§ **Supplied records**
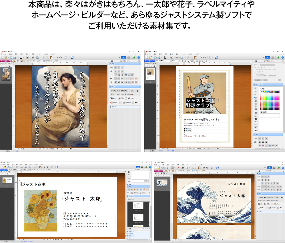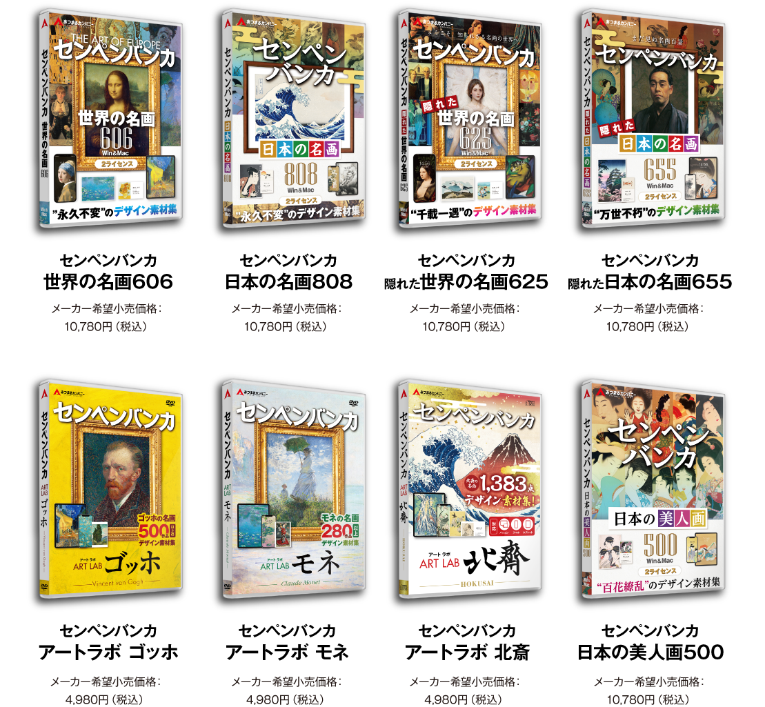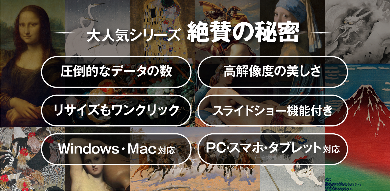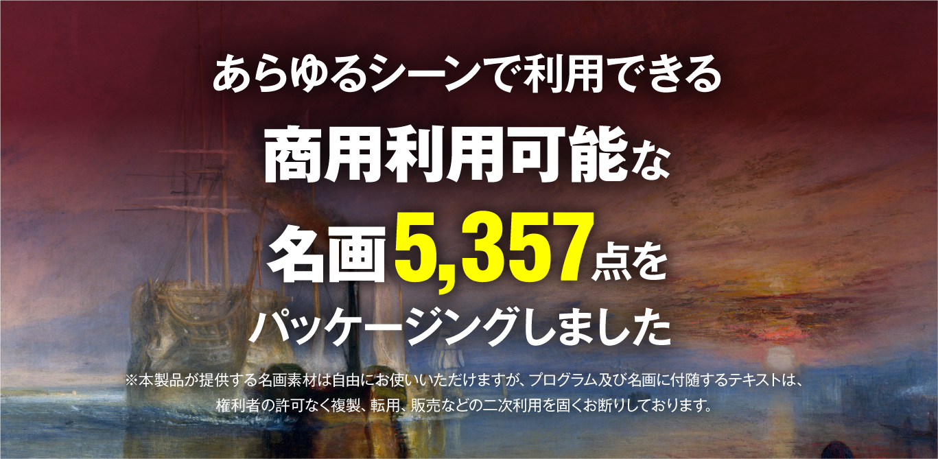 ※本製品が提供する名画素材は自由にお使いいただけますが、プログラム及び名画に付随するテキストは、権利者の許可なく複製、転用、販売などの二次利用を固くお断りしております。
--
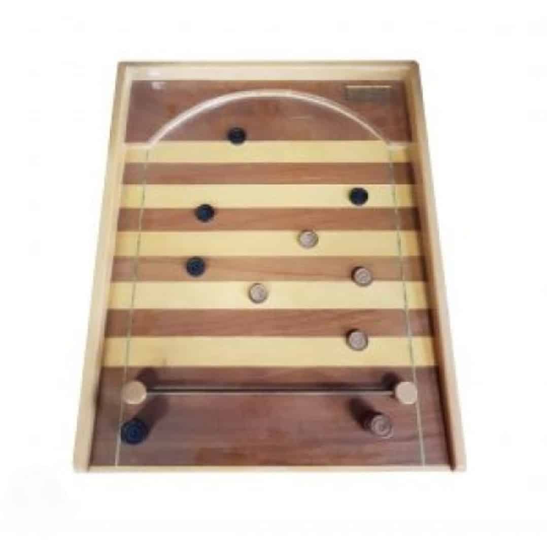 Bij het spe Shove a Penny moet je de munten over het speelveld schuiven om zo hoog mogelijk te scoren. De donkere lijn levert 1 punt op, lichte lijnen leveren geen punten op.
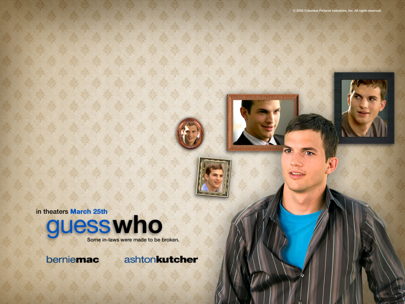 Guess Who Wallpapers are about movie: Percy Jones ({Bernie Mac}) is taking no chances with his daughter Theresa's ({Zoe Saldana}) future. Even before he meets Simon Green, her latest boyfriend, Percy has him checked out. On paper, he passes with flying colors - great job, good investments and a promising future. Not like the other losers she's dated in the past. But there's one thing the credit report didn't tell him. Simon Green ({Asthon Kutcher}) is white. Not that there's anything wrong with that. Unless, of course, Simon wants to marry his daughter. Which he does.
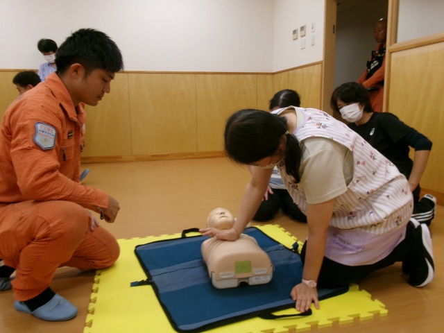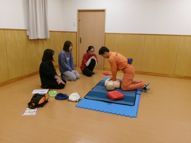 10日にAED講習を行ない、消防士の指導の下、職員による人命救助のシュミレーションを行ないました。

§ **Exercise goal**
The reply should hold exactly the lines above, starting at the line with "Bij het spe" and ending at the line with "10日にAED講習を行ない、", and no pictures.

§ **Response area**
 Bij het spe Shove a Penny moet je de munten over het speelveld schuiven om zo hoog mogelijk te scoren. De donkere lijn levert 1 punt op, lichte lijnen leveren geen punten op.
 Guess Who Wallpapers are about movie: Percy Jones ({Bernie Mac}) is taking no chances with his daughter Theresa's ({Zoe Saldana}) future. Even before he meets Simon Green, her latest boyfriend, Percy has him checked out. On paper, he passes with flying colors - great job, good investments and a promising future. Not like the other losers she's dated in the past. But there's one thing the credit report didn't tell him. Simon Green ({Asthon Kutcher}) is white. Not that there's anything wrong with that. Unless, of course, Simon wants to marry his daughter. Which he does.
 10日にAED講習を行ない、消防士の指導の下、職員による人命救助のシュミレーションを行ないました。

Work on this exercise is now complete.